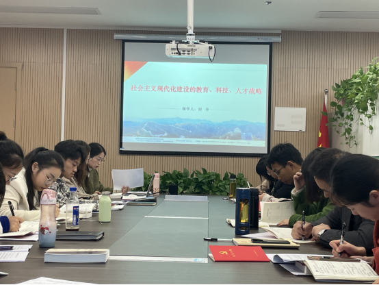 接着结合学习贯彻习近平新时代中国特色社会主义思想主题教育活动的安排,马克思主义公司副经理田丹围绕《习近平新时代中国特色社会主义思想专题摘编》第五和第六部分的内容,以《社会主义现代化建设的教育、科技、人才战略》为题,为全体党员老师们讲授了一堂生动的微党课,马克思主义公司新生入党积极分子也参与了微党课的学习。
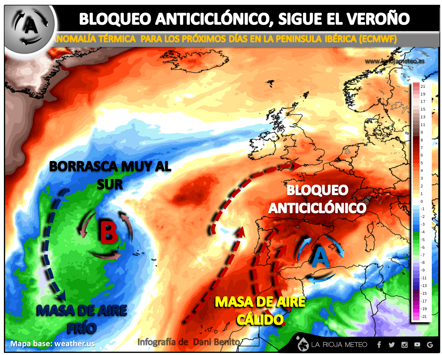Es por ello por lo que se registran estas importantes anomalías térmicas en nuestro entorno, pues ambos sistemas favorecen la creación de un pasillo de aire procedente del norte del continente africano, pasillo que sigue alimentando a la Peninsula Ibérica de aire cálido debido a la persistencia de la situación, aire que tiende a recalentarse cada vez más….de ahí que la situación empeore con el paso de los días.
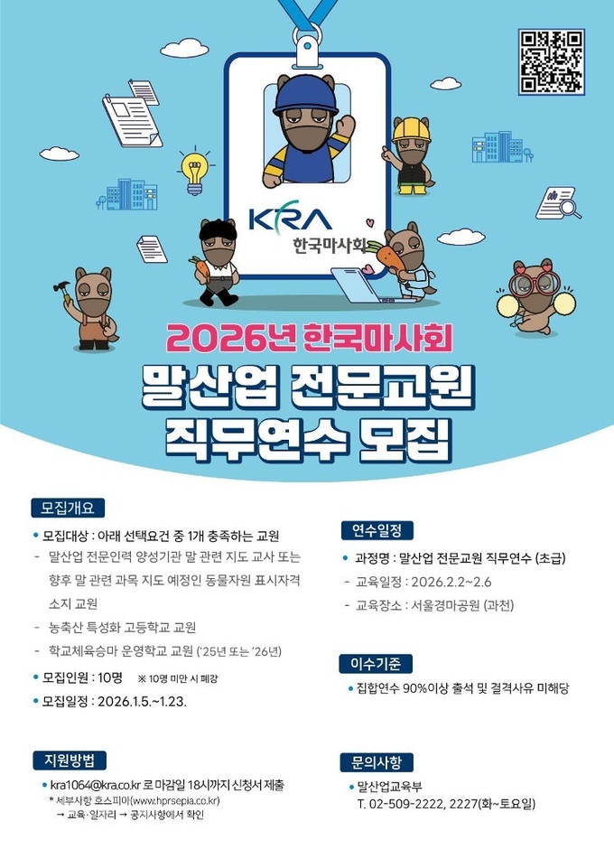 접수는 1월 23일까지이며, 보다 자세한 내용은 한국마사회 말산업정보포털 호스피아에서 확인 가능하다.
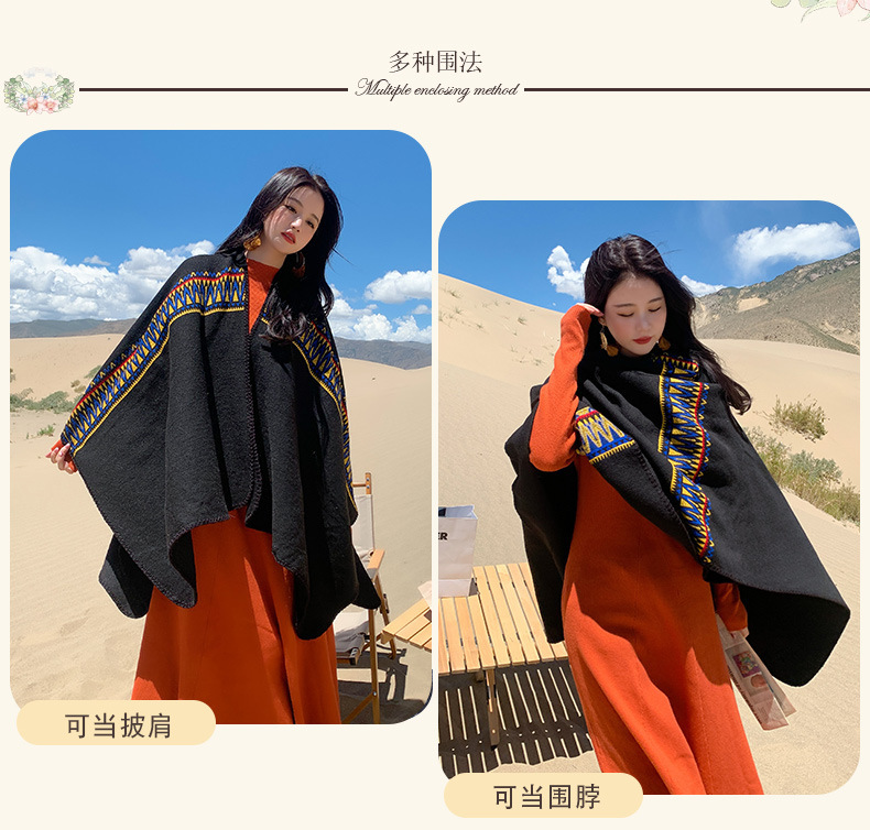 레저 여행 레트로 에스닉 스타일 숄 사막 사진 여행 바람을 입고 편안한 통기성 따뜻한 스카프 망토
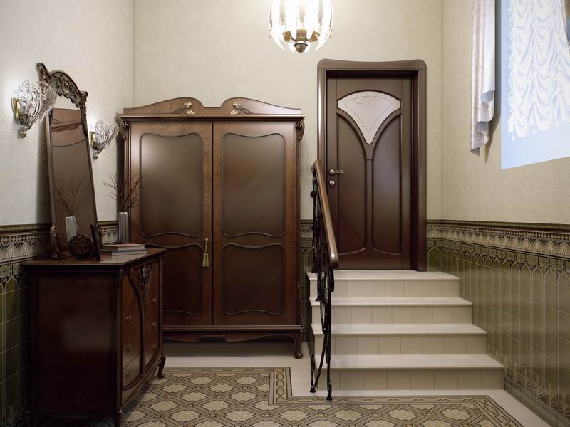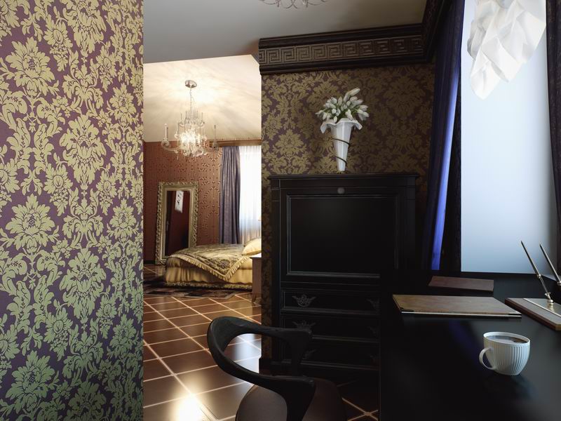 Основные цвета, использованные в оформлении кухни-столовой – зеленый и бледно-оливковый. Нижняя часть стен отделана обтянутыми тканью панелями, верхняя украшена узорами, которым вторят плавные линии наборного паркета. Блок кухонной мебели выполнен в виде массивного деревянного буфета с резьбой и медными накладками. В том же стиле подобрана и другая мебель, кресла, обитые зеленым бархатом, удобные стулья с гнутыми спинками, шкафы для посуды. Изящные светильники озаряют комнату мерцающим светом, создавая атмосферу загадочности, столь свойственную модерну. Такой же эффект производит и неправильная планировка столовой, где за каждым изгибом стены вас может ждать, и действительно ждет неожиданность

- [Aim of the exercise]
What should come back is an exact copy of the lines above from the line with "Es por ello" to the line with "접수는 1월 23일까지이며, 보다", both included, minus the pictures.

- [Task output]
Es por ello por lo que se registran estas importantes anomalías térmicas en nuestro entorno, pues ambos sistemas favorecen la creación de un pasillo de aire procedente del norte del continente africano, pasillo que sigue alimentando a la Peninsula Ibérica de aire cálido debido a la persistencia de la situación, aire que tiende a recalentarse cada vez más….de ahí que la situación empeore con el paso de los días.
 접수는 1월 23일까지이며, 보다 자세한 내용은 한국마사회 말산업정보포털 호스피아에서 확인 가능하다.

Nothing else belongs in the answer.